─── RECORDS SUPPLIED ───

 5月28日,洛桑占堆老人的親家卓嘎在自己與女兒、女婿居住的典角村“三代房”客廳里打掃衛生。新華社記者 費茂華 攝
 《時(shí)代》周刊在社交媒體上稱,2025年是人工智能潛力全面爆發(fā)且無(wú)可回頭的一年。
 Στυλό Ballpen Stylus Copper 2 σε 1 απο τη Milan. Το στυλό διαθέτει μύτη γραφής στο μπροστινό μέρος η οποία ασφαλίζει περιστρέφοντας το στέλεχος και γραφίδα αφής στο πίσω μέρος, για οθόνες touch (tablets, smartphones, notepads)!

───
─── RECORDS SUPPLIED ───

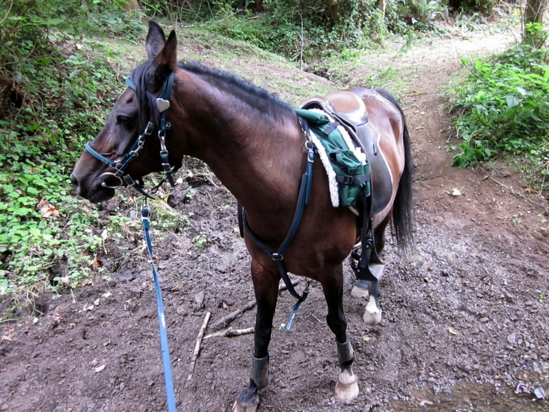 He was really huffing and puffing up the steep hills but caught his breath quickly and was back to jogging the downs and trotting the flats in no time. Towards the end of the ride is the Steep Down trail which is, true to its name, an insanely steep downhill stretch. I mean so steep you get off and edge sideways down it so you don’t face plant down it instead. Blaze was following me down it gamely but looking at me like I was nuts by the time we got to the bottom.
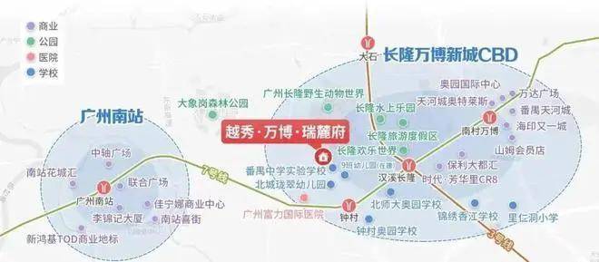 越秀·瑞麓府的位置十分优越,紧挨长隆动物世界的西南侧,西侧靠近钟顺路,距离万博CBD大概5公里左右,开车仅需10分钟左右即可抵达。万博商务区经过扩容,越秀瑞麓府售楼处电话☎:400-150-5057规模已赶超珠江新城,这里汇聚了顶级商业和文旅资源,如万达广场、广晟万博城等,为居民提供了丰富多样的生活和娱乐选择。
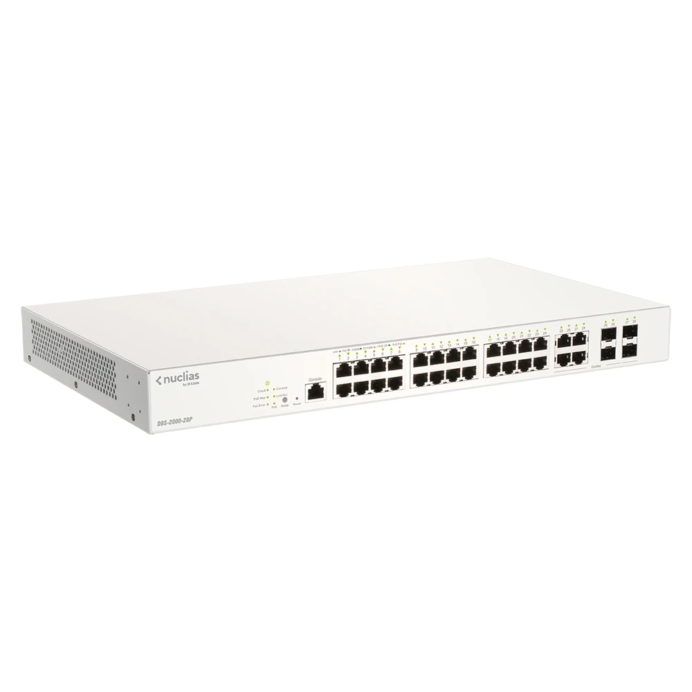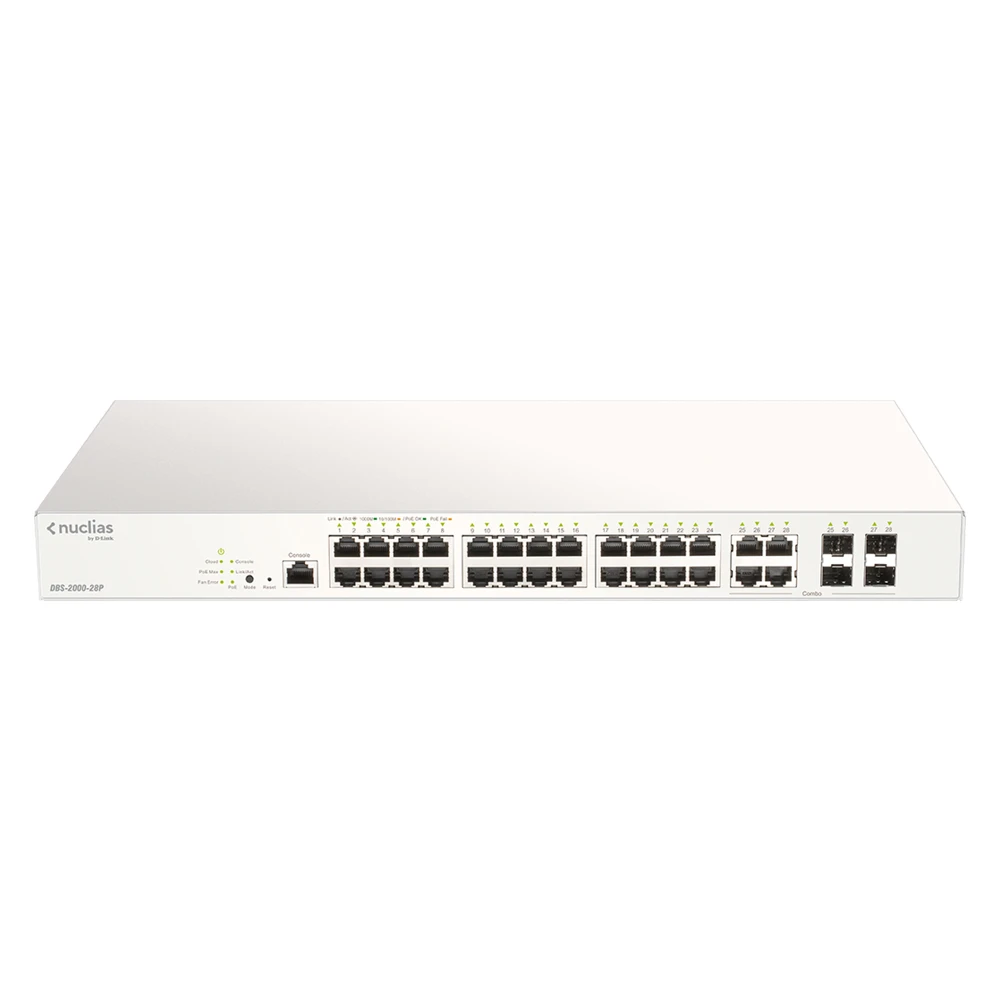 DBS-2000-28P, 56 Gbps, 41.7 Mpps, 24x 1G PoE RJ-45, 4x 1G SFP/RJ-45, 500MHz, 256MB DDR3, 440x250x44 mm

───

* _TASK PROMPT_:
Print the line above containing "越秀·瑞麓府的位置十分优越,紧挨长隆动物", the line containing "DBS-2000-28P, 56 Gbps, 41.7", and everything between them, exactly as written. Pictures stay out.

* _TASK RESULT_:
 越秀·瑞麓府的位置十分优越,紧挨长隆动物世界的西南侧,西侧靠近钟顺路,距离万博CBD大概5公里左右,开车仅需10分钟左右即可抵达。万博商务区经过扩容,越秀瑞麓府售楼处电话☎:400-150-5057规模已赶超珠江新城,这里汇聚了顶级商业和文旅资源,如万达广场、广晟万博城等,为居民提供了丰富多样的生活和娱乐选择。
 DBS-2000-28P, 56 Gbps, 41.7 Mpps, 24x 1G PoE RJ-45, 4x 1G SFP/RJ-45, 500MHz, 256MB DDR3, 440x250x44 mm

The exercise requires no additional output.